**Extracted material:**
*** Begin section ***

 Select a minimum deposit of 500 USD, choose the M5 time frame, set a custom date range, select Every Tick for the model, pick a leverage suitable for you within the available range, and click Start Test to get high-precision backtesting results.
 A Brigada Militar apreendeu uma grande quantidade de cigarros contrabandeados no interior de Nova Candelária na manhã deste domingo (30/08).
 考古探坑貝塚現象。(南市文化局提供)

*** End section ***
*** Begin section ***

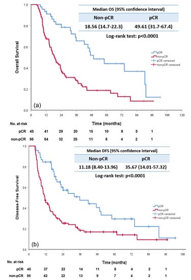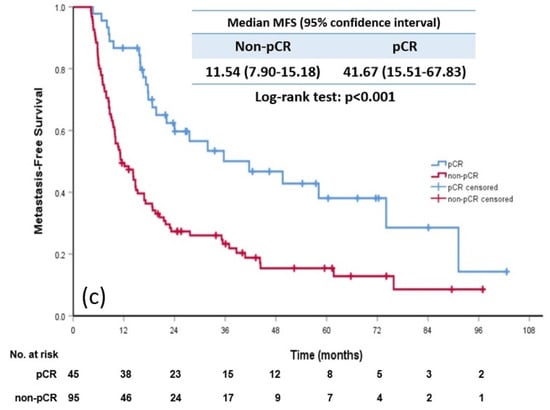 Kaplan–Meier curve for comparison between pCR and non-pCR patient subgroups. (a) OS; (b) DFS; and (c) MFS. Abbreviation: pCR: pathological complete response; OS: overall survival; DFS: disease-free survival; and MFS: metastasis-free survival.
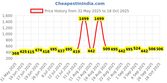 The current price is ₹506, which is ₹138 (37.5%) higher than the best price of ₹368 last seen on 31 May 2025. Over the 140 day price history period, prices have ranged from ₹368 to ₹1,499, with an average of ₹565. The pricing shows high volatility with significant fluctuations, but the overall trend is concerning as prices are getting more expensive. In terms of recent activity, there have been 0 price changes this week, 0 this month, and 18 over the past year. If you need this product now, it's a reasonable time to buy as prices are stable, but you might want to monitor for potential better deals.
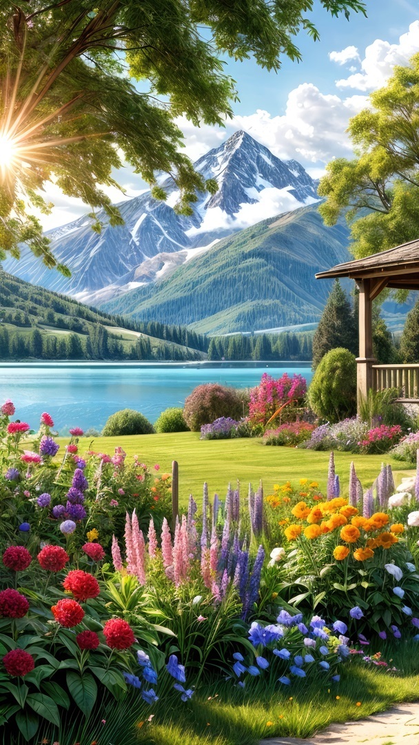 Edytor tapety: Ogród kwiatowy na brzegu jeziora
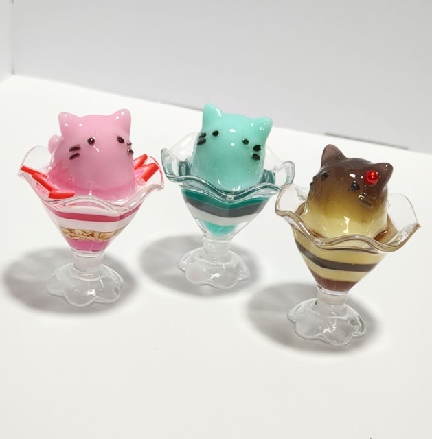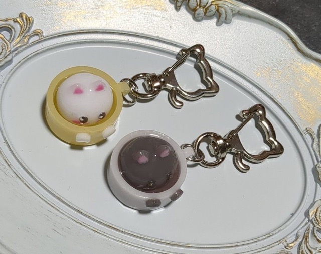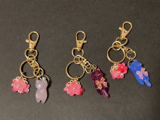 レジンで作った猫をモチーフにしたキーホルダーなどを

*** End section ***
*** Begin section ***

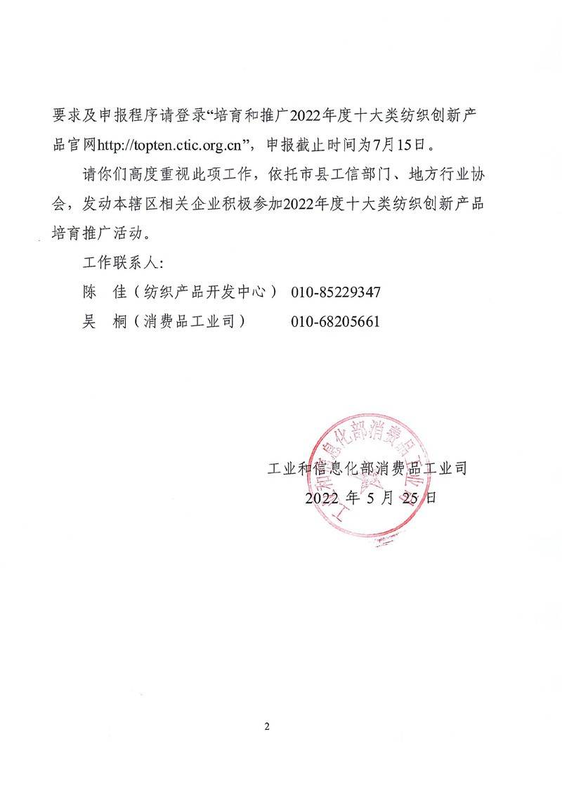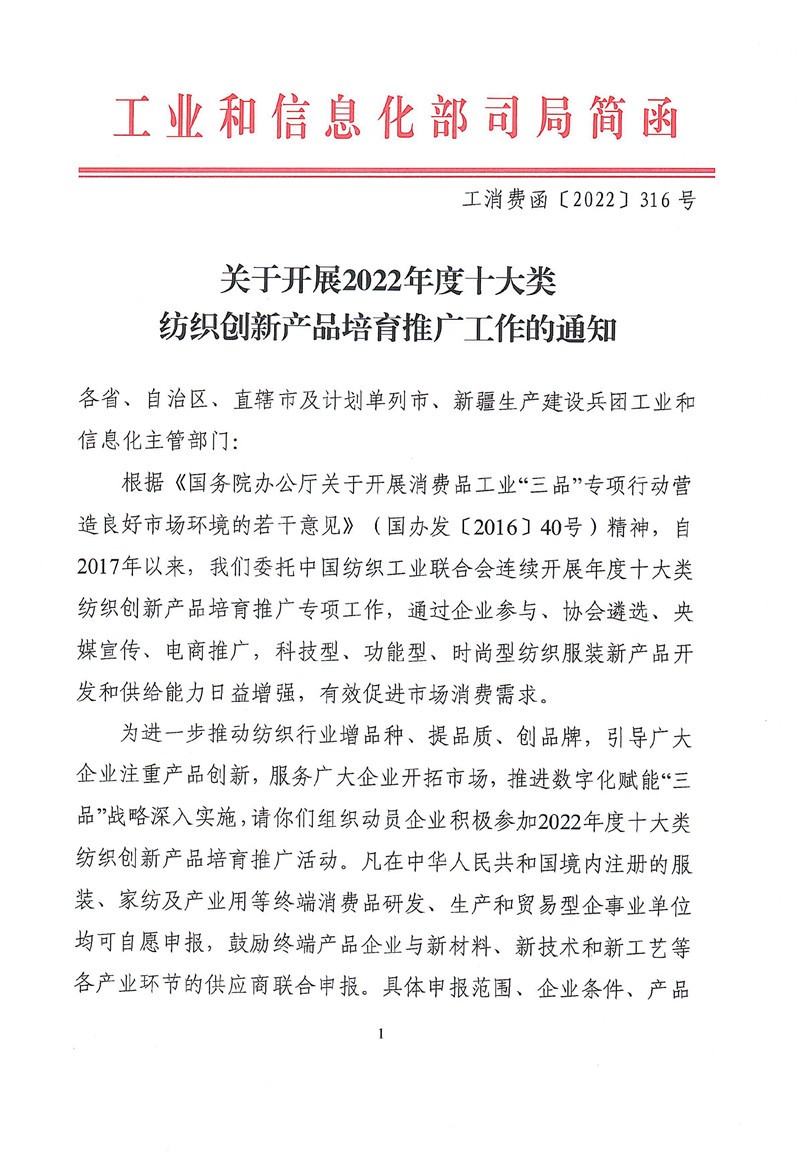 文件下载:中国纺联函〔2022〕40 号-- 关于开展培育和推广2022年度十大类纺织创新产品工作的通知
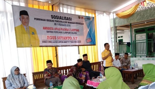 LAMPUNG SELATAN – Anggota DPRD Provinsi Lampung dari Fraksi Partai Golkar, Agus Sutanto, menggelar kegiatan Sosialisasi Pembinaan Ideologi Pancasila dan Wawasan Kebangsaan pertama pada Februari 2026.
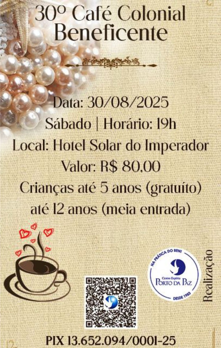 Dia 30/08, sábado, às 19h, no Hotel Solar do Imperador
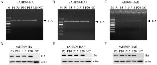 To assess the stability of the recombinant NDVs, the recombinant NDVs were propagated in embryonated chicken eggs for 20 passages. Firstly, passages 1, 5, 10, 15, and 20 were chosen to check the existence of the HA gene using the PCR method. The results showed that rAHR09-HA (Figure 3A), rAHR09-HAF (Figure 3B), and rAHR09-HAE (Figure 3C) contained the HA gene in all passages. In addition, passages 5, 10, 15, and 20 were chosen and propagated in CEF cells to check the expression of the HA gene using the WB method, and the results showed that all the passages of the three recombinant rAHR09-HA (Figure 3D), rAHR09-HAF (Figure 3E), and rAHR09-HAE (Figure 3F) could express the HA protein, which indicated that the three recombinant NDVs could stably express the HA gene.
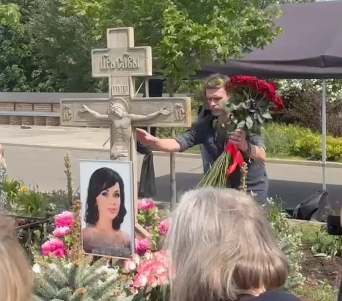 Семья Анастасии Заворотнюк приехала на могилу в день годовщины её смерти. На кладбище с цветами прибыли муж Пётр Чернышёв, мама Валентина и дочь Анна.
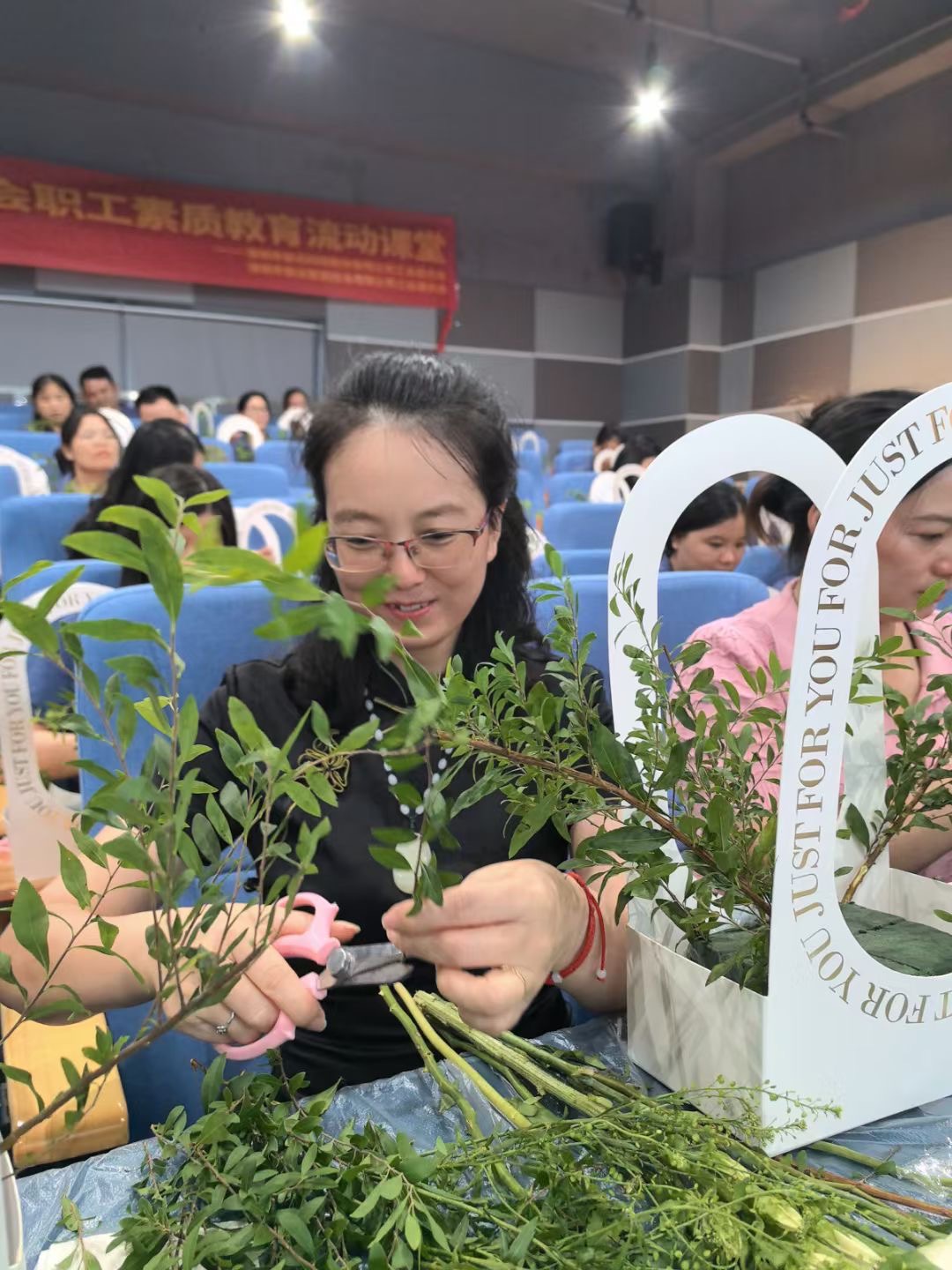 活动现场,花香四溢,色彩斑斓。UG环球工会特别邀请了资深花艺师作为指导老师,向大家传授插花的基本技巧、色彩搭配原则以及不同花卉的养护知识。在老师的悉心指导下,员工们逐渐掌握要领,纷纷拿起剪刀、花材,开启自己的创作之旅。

*** End section ***

Given the records above, return exactly the lines starting at the line containing "Select a minimum" and ending at the line containing "考古探坑貝塚現象。(南市文化局提供)", including both.

**Solution:**
 Select a minimum deposit of 500 USD, choose the M5 time frame, set a custom date range, select Every Tick for the model, pick a leverage suitable for you within the available range, and click Start Test to get high-precision backtesting results.
 A Brigada Militar apreendeu uma grande quantidade de cigarros contrabandeados no interior de Nova Candelária na manhã deste domingo (30/08).
 考古探坑貝塚現象。(南市文化局提供)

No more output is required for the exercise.